A large, disembodied hand greets you at the front of the driveway.  Then – and you never quite know where – voices catch your ear and movement catches your eye every couple of feet.  Animatronic witches and zombies move and cackle with glowing eyes.  Freddy Krueger menaced a line of maze-goers from a fir tree next to the garage. 

Then: the maze itself.

From the outside, it looks tiny.  Incredibly tiny.  I’d estimate it at twenty by twenty feet, four hundred square feet inside.  Probably a couple hundred wooden stakes planted every two or three feet held up rows and rows of burlap.  Klieg lights flood the yard with blinding white light, but once inside the maze it gets a bit dark and murky.  In falls past there would be dry-ice smoke, but there wasn’t any this time.  Only twenty-five people at a time were allowed inside; any more, the owner said to us waiting on line to get in, and the slightest scare could cause a “herd stampede through the nearest burlap wall.”
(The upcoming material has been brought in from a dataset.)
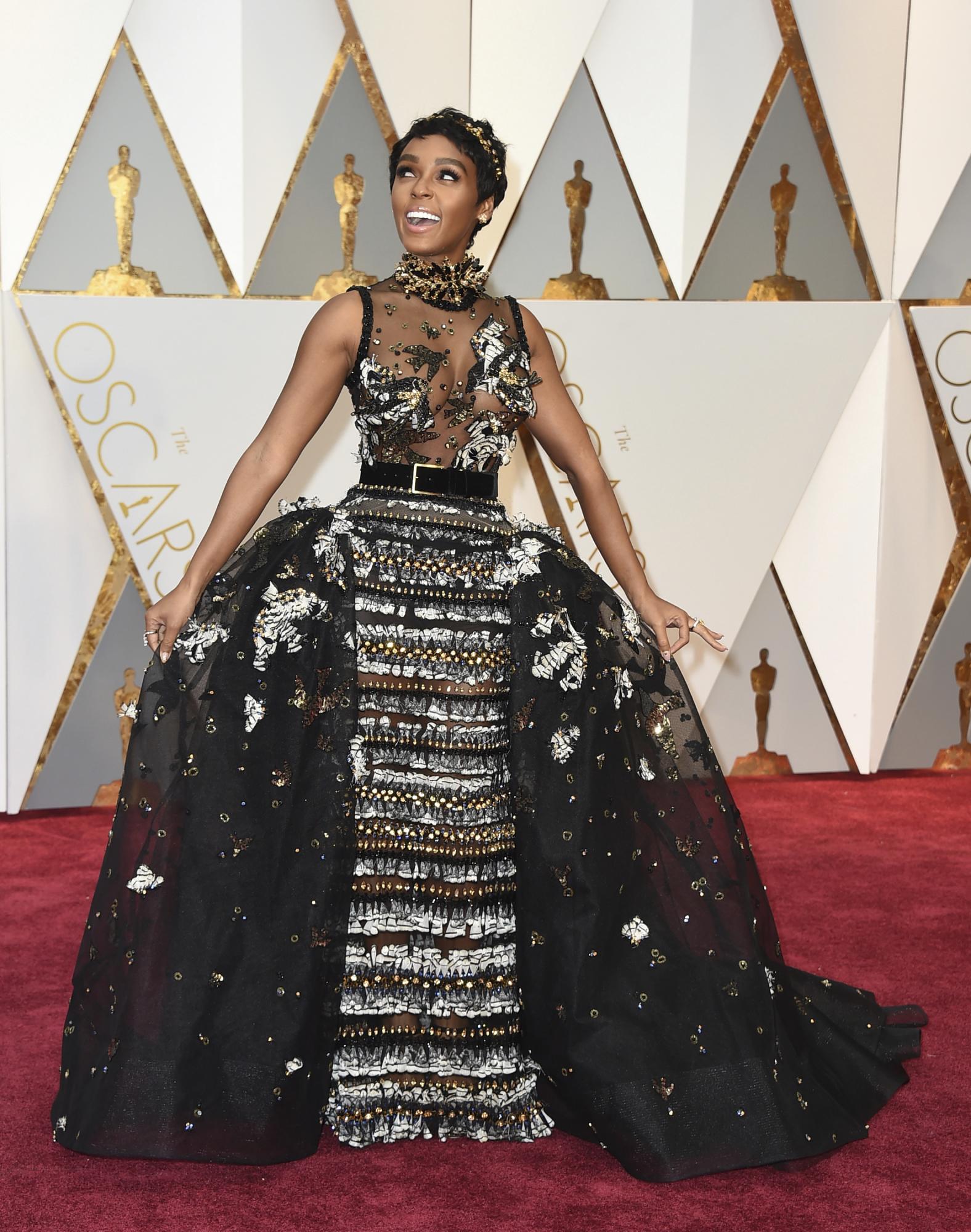 JANELLE MONÁE: La guapa cantante y actriz de “Moonlight” se sentía, según su asesora de estilo, “como una reina”, sólo que al parecer se equivocó de siglo. Su debut en la alfombra roja de los Oscar, con un Elie Saab de tul, diamantes y cristales en negro, recordaba por su voluminosa falda a Isabel I de Inglaterra (1533-1603).

Little One and her girl friend went in ahead of us, to their sheer delight.  Me and the wife, with a nervous but brave Patch sandwiched between us, followed.  Once you went in the labyrinth, you were in a labyrinth.  The corridors were narrow, about two feet across I’d guess.  If my math’s correct that means only a hundred feet of winding path, but the sheer amount of twisting and forking made it feel like it was four or five times as much.  The walls were about seven feet high; you couldn’t see out, and some stretches had a burlap overlap as a ceiling.  Occasionally there’s a door you could push through; these are unmarked.  Sometimes a mirror is hung.  Sometimes a baby or a skull.  There was a “Snake Room” where a dozen rubber snakes adorned the walls; this turned out to be an integral clue to finding your way out.  Then you had to find the “hall of hands,” a ten-foot section where bloodied stumps poked you.  Once you got here, you could almost find your way out.  I got past the Snake Room and the Hall of Hands three times before finding my way out.
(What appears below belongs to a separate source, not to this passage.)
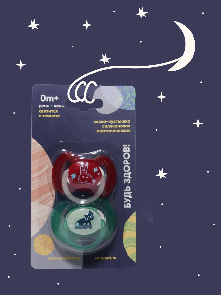 Соска-пустышка силиконовая анатомическая "день-ночь" 0+ 2 шт интересное:

Oh, and when the crowd thins, they have a Clown and a Demon sneak about grabbing your legs.  Fortunately, since we had Patch with us, they were not causing mischief this night.

Quickly I got separated from my family.  Kept passing the same people over and over.  Caught up with Little One but found it hard to keep up with her.  Didn’t matter, because she’d get us lost anyway.  Outside the maze stood a deck where the owner’s wife camped out with a bullhorn to help anyone who needed it.  On the deck you could look down into the maze and see everyone scurrying blindly about, like rats in the dark.  My buddy was next to her and, looking down on helpless me, relentlessly mocked my helplessness.  Several times I passed the entrance and thought about leaving that way, but that would be like admitting defeat and opening yourself up to the wholesale mockery of two dozen strangers. 

Finally, after thirty minutes in, I was the last one of our party to part the secret doors and exit the haunted maze on the far side.  Our friends had already left, but my family was still there.  Patch, who started to lose it in the maze (so bad that my wife had to exit via the entrance with her), came up to me and said, “Dad!  I can’t believe you kept going through the wrong door!”

Wait till next year!  I have a secret to find my way out first …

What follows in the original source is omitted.